Dataset excerpts
----------

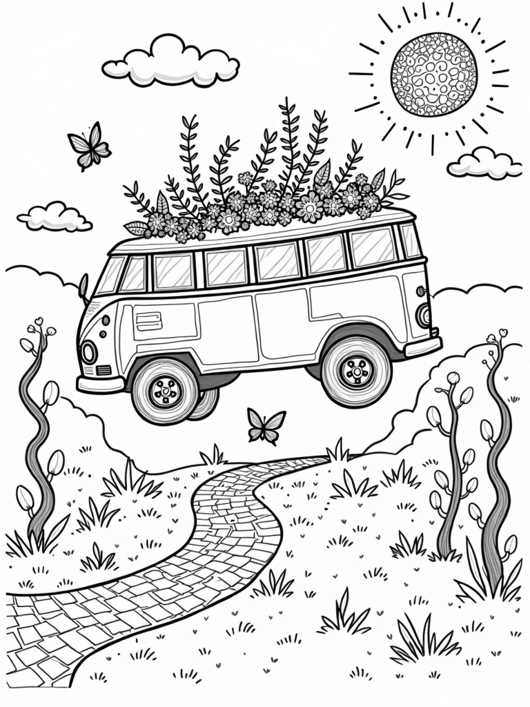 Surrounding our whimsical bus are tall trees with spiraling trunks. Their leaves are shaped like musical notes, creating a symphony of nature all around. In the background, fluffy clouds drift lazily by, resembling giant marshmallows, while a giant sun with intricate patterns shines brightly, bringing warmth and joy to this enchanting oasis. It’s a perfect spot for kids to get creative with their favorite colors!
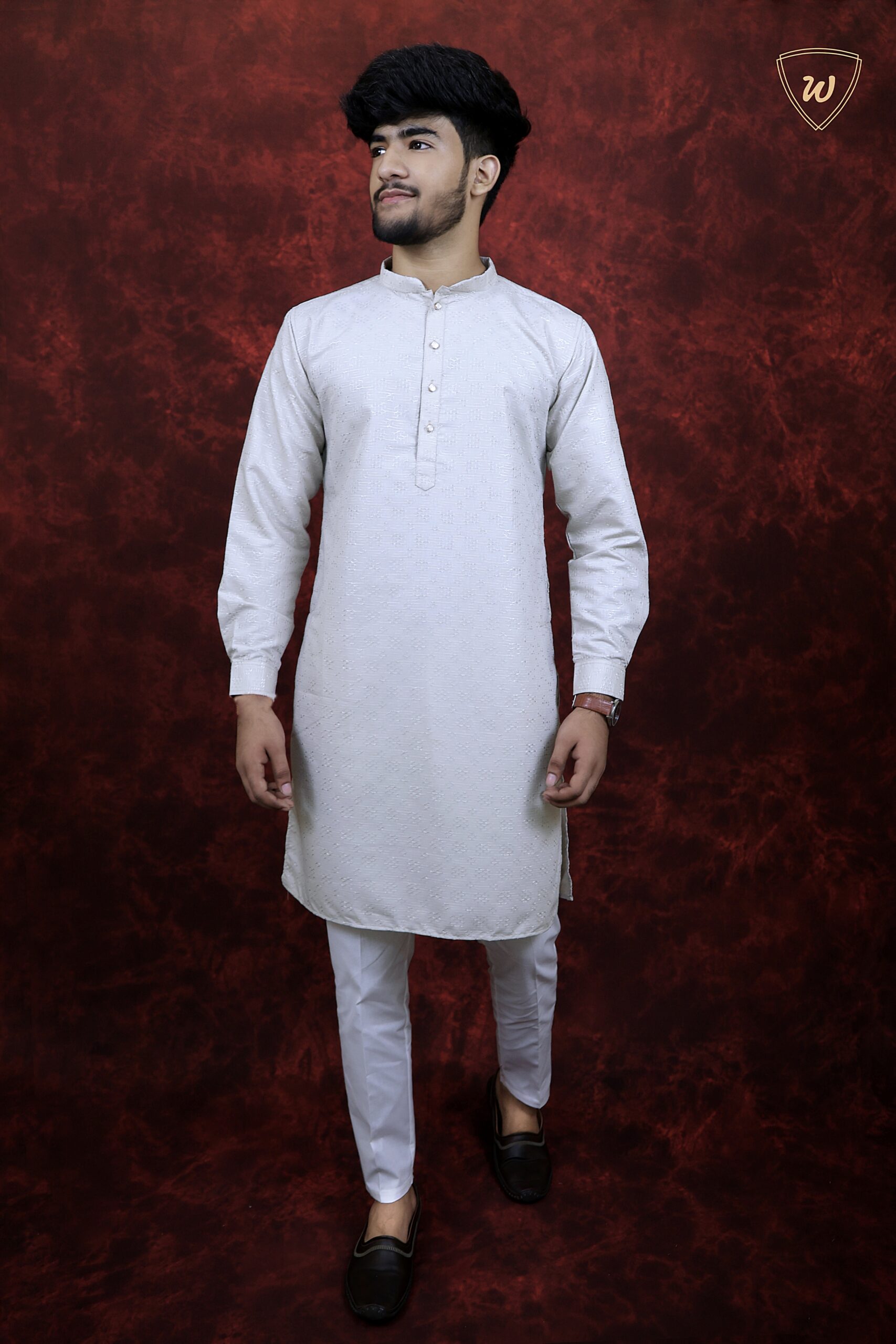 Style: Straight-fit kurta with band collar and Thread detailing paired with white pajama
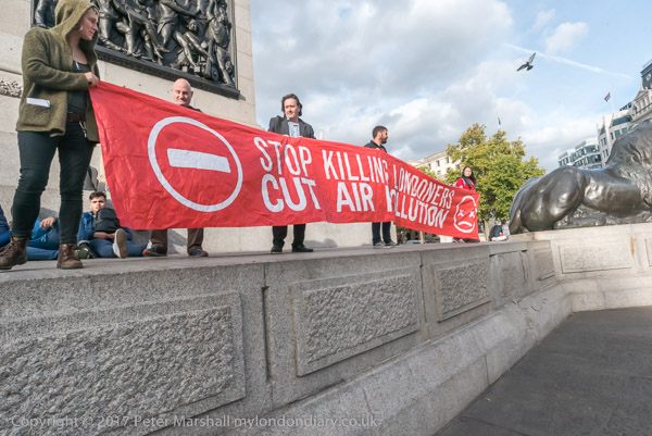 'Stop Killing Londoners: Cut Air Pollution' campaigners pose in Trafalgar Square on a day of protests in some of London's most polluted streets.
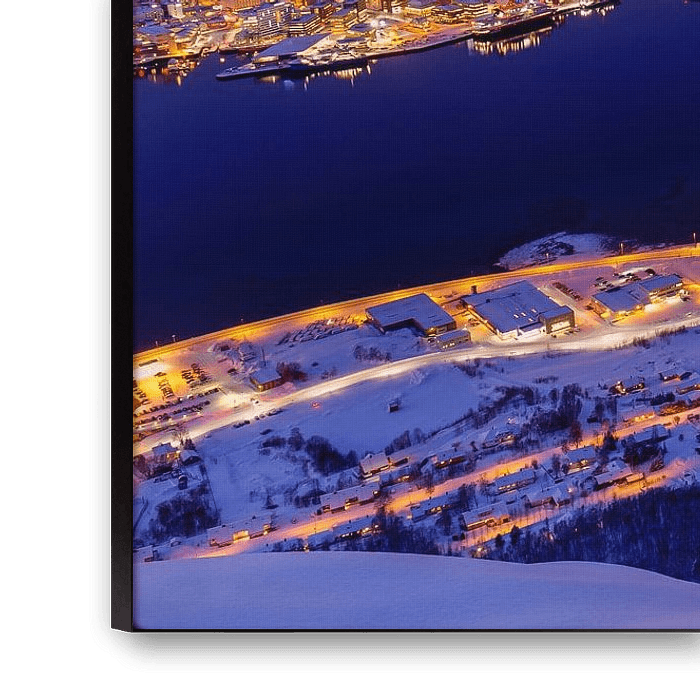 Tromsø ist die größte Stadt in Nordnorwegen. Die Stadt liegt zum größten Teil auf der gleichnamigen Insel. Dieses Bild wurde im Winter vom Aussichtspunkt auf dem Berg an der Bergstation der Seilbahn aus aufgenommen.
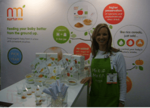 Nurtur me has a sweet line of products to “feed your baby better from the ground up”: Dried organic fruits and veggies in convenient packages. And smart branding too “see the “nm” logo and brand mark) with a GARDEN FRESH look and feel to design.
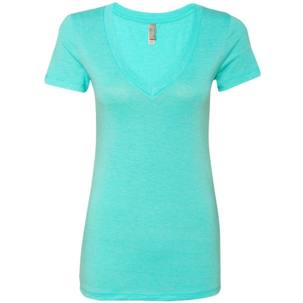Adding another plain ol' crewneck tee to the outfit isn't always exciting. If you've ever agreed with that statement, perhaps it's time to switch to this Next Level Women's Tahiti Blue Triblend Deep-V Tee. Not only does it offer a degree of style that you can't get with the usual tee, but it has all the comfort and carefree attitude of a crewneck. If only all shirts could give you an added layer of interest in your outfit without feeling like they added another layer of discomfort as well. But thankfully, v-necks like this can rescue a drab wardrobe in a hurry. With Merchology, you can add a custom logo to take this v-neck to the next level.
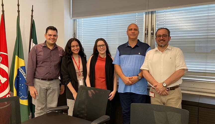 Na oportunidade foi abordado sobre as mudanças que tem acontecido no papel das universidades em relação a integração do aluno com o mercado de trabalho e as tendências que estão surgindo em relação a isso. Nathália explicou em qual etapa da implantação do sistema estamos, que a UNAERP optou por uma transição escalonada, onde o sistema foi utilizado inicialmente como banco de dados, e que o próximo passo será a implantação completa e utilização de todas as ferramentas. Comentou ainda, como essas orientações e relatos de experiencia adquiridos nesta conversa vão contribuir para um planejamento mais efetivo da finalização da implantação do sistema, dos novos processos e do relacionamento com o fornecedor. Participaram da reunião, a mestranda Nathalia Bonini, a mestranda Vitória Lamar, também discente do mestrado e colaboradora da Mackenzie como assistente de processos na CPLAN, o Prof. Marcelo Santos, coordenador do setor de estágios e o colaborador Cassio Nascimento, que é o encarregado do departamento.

----------

Return every entry exactly, dropping the pictures.

■ **Solution to the exercise**:
 Surrounding our whimsical bus are tall trees with spiraling trunks. Their leaves are shaped like musical notes, creating a symphony of nature all around. In the background, fluffy clouds drift lazily by, resembling giant marshmallows, while a giant sun with intricate patterns shines brightly, bringing warmth and joy to this enchanting oasis. It’s a perfect spot for kids to get creative with their favorite colors!
 Style: Straight-fit kurta with band collar and Thread detailing paired with white pajama
 'Stop Killing Londoners: Cut Air Pollution' campaigners pose in Trafalgar Square on a day of protests in some of London's most polluted streets.
 Tromsø ist die größte Stadt in Nordnorwegen. Die Stadt liegt zum größten Teil auf der gleichnamigen Insel. Dieses Bild wurde im Winter vom Aussichtspunkt auf dem Berg an der Bergstation der Seilbahn aus aufgenommen.
 Nurtur me has a sweet line of products to “feed your baby better from the ground up”: Dried organic fruits and veggies in convenient packages. And smart branding too “see the “nm” logo and brand mark) with a GARDEN FRESH look and feel to design.
Adding another plain ol' crewneck tee to the outfit isn't always exciting. If you've ever agreed with that statement, perhaps it's time to switch to this Next Level Women's Tahiti Blue Triblend Deep-V Tee. Not only does it offer a degree of style that you can't get with the usual tee, but it has all the comfort and carefree attitude of a crewneck. If only all shirts could give you an added layer of interest in your outfit without feeling like they added another layer of discomfort as well. But thankfully, v-necks like this can rescue a drab wardrobe in a hurry. With Merchology, you can add a custom logo to take this v-neck to the next level.
 Na oportunidade foi abordado sobre as mudanças que tem acontecido no papel das universidades em relação a integração do aluno com o mercado de trabalho e as tendências que estão surgindo em relação a isso. Nathália explicou em qual etapa da implantação do sistema estamos, que a UNAERP optou por uma transição escalonada, onde o sistema foi utilizado inicialmente como banco de dados, e que o próximo passo será a implantação completa e utilização de todas as ferramentas. Comentou ainda, como essas orientações e relatos de experiencia adquiridos nesta conversa vão contribuir para um planejamento mais efetivo da finalização da implantação do sistema, dos novos processos e do relacionamento com o fornecedor. Participaram da reunião, a mestranda Nathalia Bonini, a mestranda Vitória Lamar, também discente do mestrado e colaboradora da Mackenzie como assistente de processos na CPLAN, o Prof. Marcelo Santos, coordenador do setor de estágios e o colaborador Cassio Nascimento, que é o encarregado do departamento.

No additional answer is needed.